Chantegrive étant planté pour une moitié de sauvignon et de sémillon, et pour l’autre moitié de cabernet-sauvignon et de merlot, la famille Lévêque a recherché le concours de l’un des œnologues de Bordeaux les plus compétents, très jalousé ces temps-ci, Monsieur Hubert de Boüard de Laforest, co-propriétaire de Château Angélus à Saint-Émilion, pour la conseiller sur la manière de différencier l’expression des cépages selon les terroirs du domaine qui compte de nombreuses parcelles; et ainsi, progressivement, l’homogénéité, le profil aromatique, la qualité générale des vins se sont améliorés jusqu’à faire de Chantegrive l’un des plus grands blancs de Graves et Pessac-Léognan dont la notoriété est maintenant reconnue dans le monde entier comme l’un des tout premiers vins blancs de Bordeaux.

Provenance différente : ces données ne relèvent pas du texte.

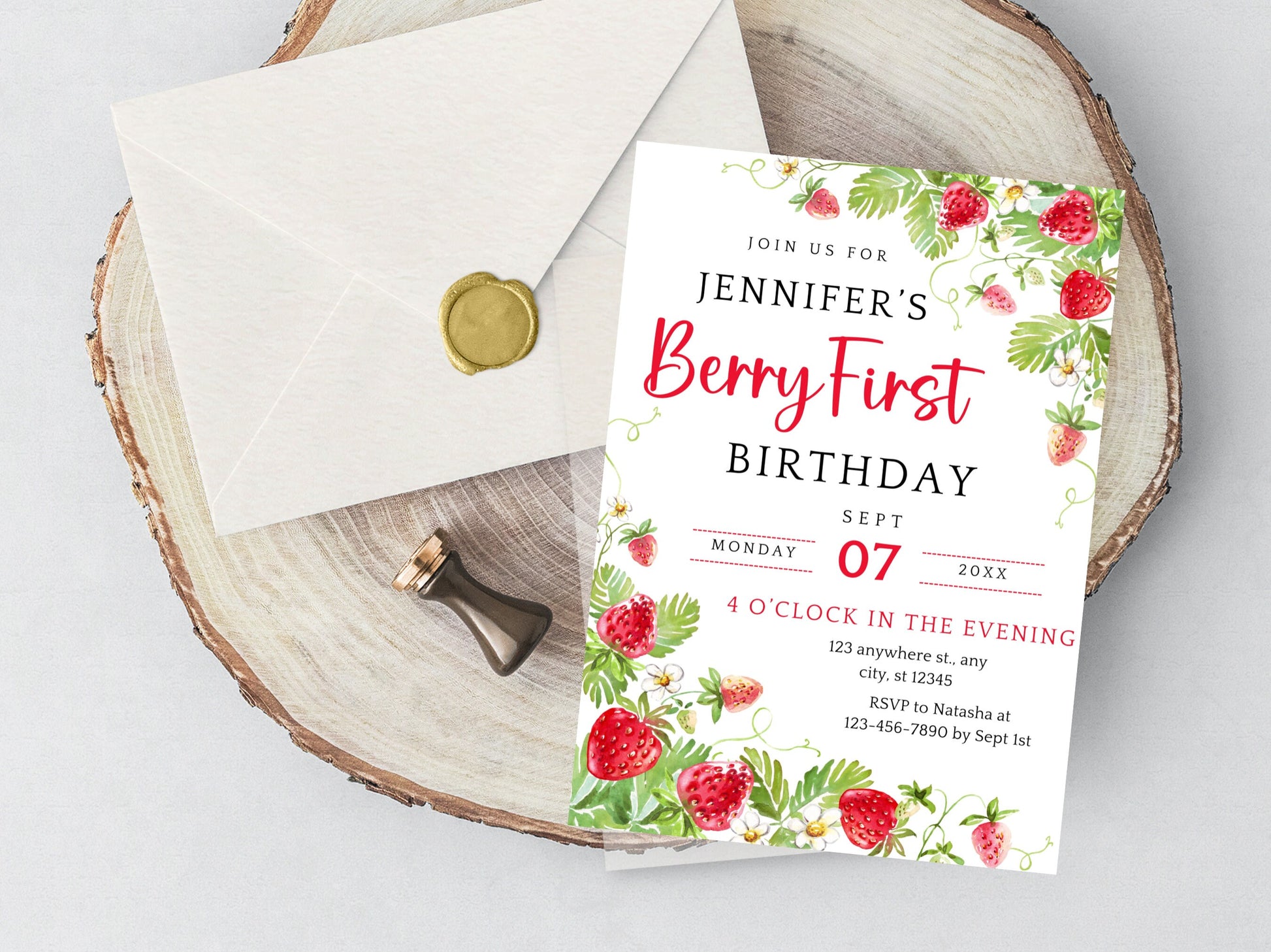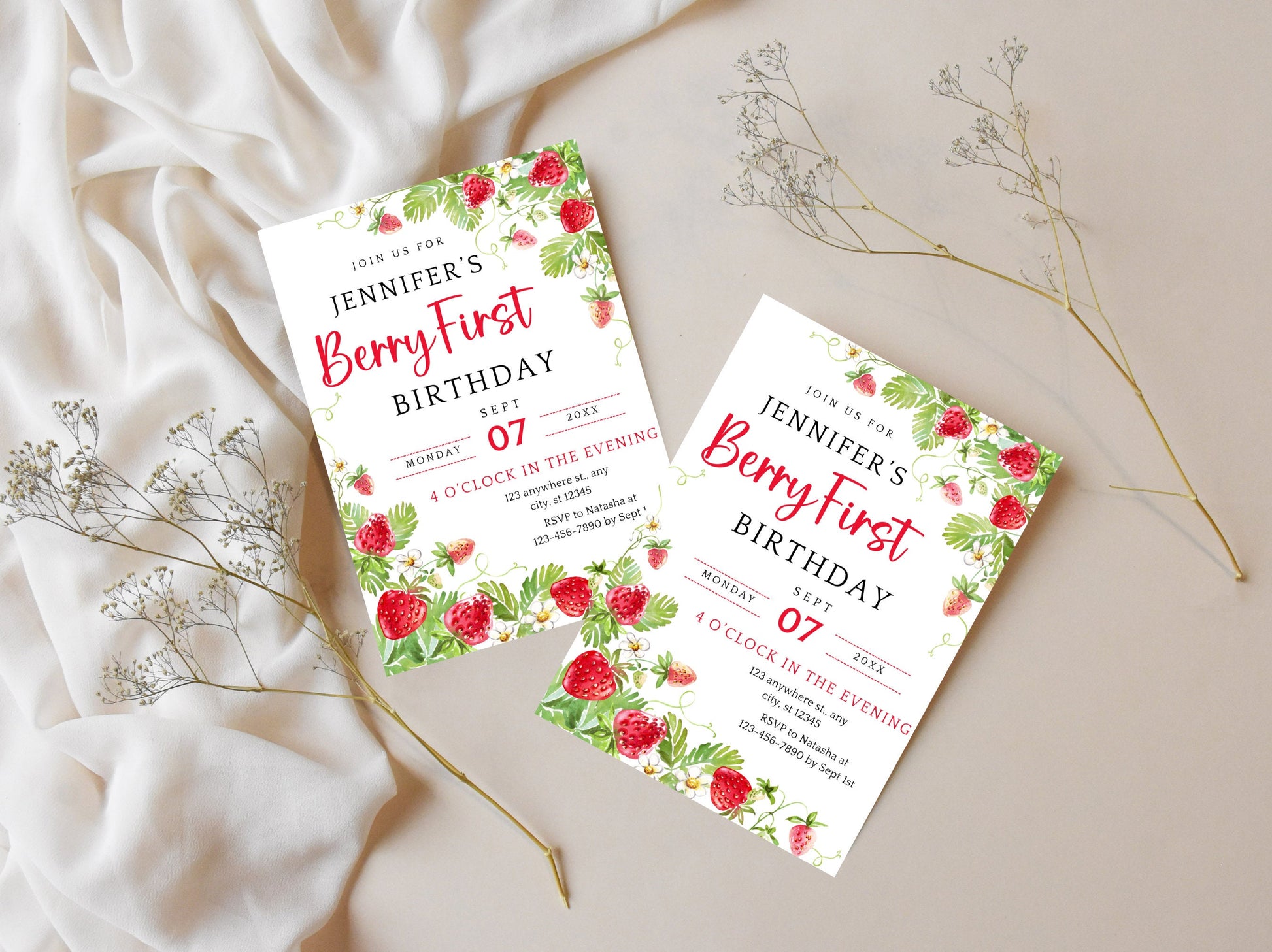 Vorlage für eine personalisierbare Einladung zum ersten Geburtstag mit Beerenmotiv, Erdbeer-Geburtstagseinladung für Mädchen, Druckbare Einladung zum ersten Geburtstag für die Süße
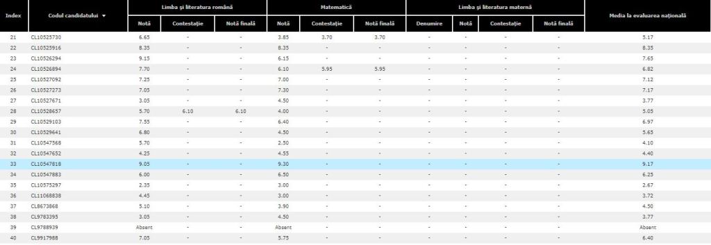 Primul dintre ei a avut inițial 6.65 la Limba și Literatura Română și 3.85 la matematică (media 5.25). În urma contestației de la matematică, nota acestuia a scăzut la 3.70, astfel că media a devenit 5.17.

DÉGUSTATION du 12.12.14 au restaurant Mandarin Oriental
Chantegrive Graves blanc 2011 et 2012 en apéritif :
le 2012 est ample, souple et peut évoluer en gardant à la fois sa carrure et sa fraîcheur si séduisante.
Le 2011 a un plus de matière, bien équilibré, plus marqué sauvignon, des notes iodées, qui lui aussi évoluera bien, en gardant espérons-le sa finale complexe.
11-12 € : à saisir.
Chantegrive cuvée Caroline 2007 sur un tartare de bar : jaune limpide; attaque minérale au nez présente mais sans agressivité; en bouche, complexité aromatique et fruit exotique (ananas, mangue), sensualité et douceur (miel); fraîcheur encore remarquable. Plus qu’un sans défaut c’est une vraie réussite. Marie-Hélène Lévêque : merci… les grands blancs sont difficiles à faire ! Celui-ci durera encore plusieurs années. Entre 12 et 15 € en GD si on le trouve encore.
Chantegrive Graves rouge 2012, 2011, 2008, 2005 sur des grives au foie gras : débat sur la différence entre le 2008 qu’Hélène préfère en ce moment, très beau graves, et le 2005 que je préfère, un millésime d’exception dont la maturité lente continuera d’évoluer encore dix ans au moins. Belle profondeur, fraîcheur intacte. Grand bonheur. Aux environs de 20 €. Les 2011 et 2012 sont impeccables avec un penchant pour le 2011 environ 15 €.
Chantegrive cuvée Caroline 2013 sur des fromages de chèvre : robe jaune pâle; nez de fleurs blanches; bouche ample et riche, notes de pamplemousse, toujours cette fraîcheur Chantegrive qui nous attache, belle finale acidulée et persistante. Déjà à boire (12,80 € rapport Q/P top).